Ongoing Legal Services Warsaw | Poland

Clausewitz Knew

War, wrote the Prussian strategist, is the continuation of politics by other means. Business is the continuation of war by other means. And law is the weapon you either possess or are defeated by.

Clausewitz introduced the concept of the “fog of war” — the informational chaos in which even the finest commander makes decisions based on incomplete data. The entrepreneur lives in permanent fog: shifting regulations, contradictory interpretations, counterparties with unknowable intentions.

A legal retainer is military intelligence. Clearing the fog before you step onto the battlefield.

The Primacy of Prevention

Machiavelli observed that the Romans never avoided war through postponement — for delay serves the adversary, not you. In law, this principle works in reverse: the best legal battle is the one that never takes place.

A contract drafted before a dispute costs a tenth of what a dispute over a poorly drafted contract costs. A tax structure conceived in advance saves many times what a post-audit correction costs.

Prevention is cheaper than intervention. Always.

The Production Function of Tranquility

Ludwig von Mises defined action as the conscious pursuit of exchanging a less satisfactory state for a more satisfactory one. The entrepreneur acts ceaselessly — creating, negotiating, deciding, risking.

But action requires mental space. You cannot focus on growth if part of your attention is perpetually consumed by legal uncertainty. You cannot negotiate from strength if you don’t know whether your contracts are airtight.

A legal retainer produces a scarce good: operational tranquility. The ability to act without constantly looking over your shoulder.

Mises would call it: the rational allocation of resources under conditions of uncertainty.

The Lindy Effect

Nassim Taleb popularized the Lindy Effect: the longer something has survived, the longer it will probably continue to survive. A book that has been in print for a hundred years will probably remain in print for another hundred.

A law firm that has served businesses for two decades has already seen your problem. Has seen it in dozens of variations. Has seen solutions that worked and those that made things worse.

You are not paying for a lawyer’s hours. You are paying for accumulated experience — for the mistakes others made so you wouldn’t have to.

The Asymmetry of Stakes

In every legal dispute, a fundamental asymmetry exists: for you, it is existential; for the firm representing your adversary, it is one case among many. They work nine to five. You don’t sleep.

Ongoing legal services reverse this asymmetry. Your lawyer knows the company, knows the history, knows the context. They don’t need two weeks to get up to speed. They react immediately because they’re not starting from zero.

This is structural advantage — the kind Sun Tzu valued most.

What You’re Actually Buying

You’re buying access. The ability to pick up the phone before you sign. Before you decide. Before you say something that cannot be unsaid.

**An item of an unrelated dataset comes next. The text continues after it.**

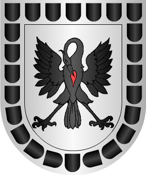 de dos flores de lis de oro, puestos en faja. Bordura de azur, con ocho castillos

You’re buying continuity. A lawyer who remembers previous matters, knows your counterparties, understands your industry’s specifics.

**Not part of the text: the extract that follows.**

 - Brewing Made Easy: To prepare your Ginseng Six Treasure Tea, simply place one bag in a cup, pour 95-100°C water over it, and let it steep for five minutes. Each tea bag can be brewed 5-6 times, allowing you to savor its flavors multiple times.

You’re buying time. Your own — because you don’t have to search for help when the problem is already ablaze. And response time — because legal matters have deadlines that do not wait.

You’re buying a signal. To counterparties who treat a company with visible legal backing differently. To regulators who know that a professional filing will receive a professional response.

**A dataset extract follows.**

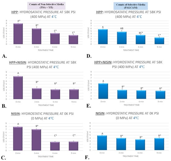 Inactivation of four-strain cocktail of L. monocytogenes (ATCC@ 51772, 51779, BAA-2657, and 13932) in sterilized phosphate-buffered saline, treated by nisin (5000 IU/mL) and elevated hydrostatic pressure at 400 MPa (Barocycler Hub880 Explore, Pressure Bioscience Inc., Easton, MA, USA) for 0, 3, 6, and 9 min at 4 °C. In each graph and for each microbiological medium (PALCAM (selective counts), TSA + YE (nonselective counts)) separately, columns of each time interval followed by different uppercase letters are representing log CFU/mL values (Mean ± SD) that are statistically (p < 0.05) different (Tukey-adjusted ANOVA). Uppercase letters followed by * sign are statistically (p < 0.05) different than untreated control (not treated with antimicrobial) (Dunnett’s-adjusted ANOVA). (A) Nonselective counts (Tryptic Soy Agar + yeast extract [TSA + YE]), treated by hydrostatic pressure at 400 MPa (58 K pound-force per square inch [PSI]) at 4 °C; (B) Nonselective counts (TSA + YE), treated by hydrostatic pressure at 400 MPa (58 K PSI) and exposed to nisin (5000 IU/mL) at 4°C; (C) nonselective counts (TSA + YE), only exposed to nisin (5000 IU/mL) at 4 °C. (D) Selective counts (PALCAM), treated by hydrostatic pressure at 400 MPa (58 K PSI) at 4 °C; (E) Selective counts (PALCAM), treated by hydrostatic pressure at 400 MPa (58 K PSI) and exposed to nisin (5000 IU/mL) at 4°C; (F) Selective counts (PALCAM), only exposed to nisin (5000 IU/mL) at 4 °C.

Above all, you’re buying optionality. The right to access help when you need it — without negotiating terms in the middle of a crisis.

Three Models, One Logic

Monthly retainer — a fixed sum, a defined scope. Predictability on both sides. For companies that know how much law they need.

Hours package — flexibility within a budget. You pay for a pool, you draw as needed. Unused hours roll over or expire — depending on the agreement.

Hybrid — retainer for routine matters, hourly rate for special projects. Transactions, disputes, proceedings — things that exceed the ordinary.

Each model answers a different question. Retainer: what will this cost? Hours package: how much will I actually use? Hybrid: how do I combine predictability with flexibility?

What We Do

We review contracts — before you sign, not after.

We negotiate terms — as a shield between you and the other side.

We monitor the law — changes, interpretations, rulings that may affect you.

We represent in proceedings — administrative, judicial, before regulators.

We structure transactions — so that taxes are legal and optimal.

We vet counterparties — because trust is good, but due diligence is better.

We create documentation — bylaws, procedures, policies, everything the law and common sense require.

We answer questions — the urgent ones and those that seem trivial but aren’t.